GIVEN DATA:
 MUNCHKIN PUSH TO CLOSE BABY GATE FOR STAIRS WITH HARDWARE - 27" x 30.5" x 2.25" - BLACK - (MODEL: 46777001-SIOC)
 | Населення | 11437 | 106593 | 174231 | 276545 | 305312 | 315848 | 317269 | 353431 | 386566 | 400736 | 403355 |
---
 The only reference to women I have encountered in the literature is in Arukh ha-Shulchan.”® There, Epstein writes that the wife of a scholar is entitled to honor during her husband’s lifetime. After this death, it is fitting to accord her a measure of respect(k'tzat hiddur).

ACTIVITY: Only the lines above from the line with "MUNCHKIN PUSH TO" to the line with "400736 | 403355 |", those two lines included, should be reproduced exactly.

YOUR SOLUTION:
 MUNCHKIN PUSH TO CLOSE BABY GATE FOR STAIRS WITH HARDWARE - 27" x 30.5" x 2.25" - BLACK - (MODEL: 46777001-SIOC)
 | Населення | 11437 | 106593 | 174231 | 276545 | 305312 | 315848 | 317269 | 353431 | 386566 | 400736 | 403355 |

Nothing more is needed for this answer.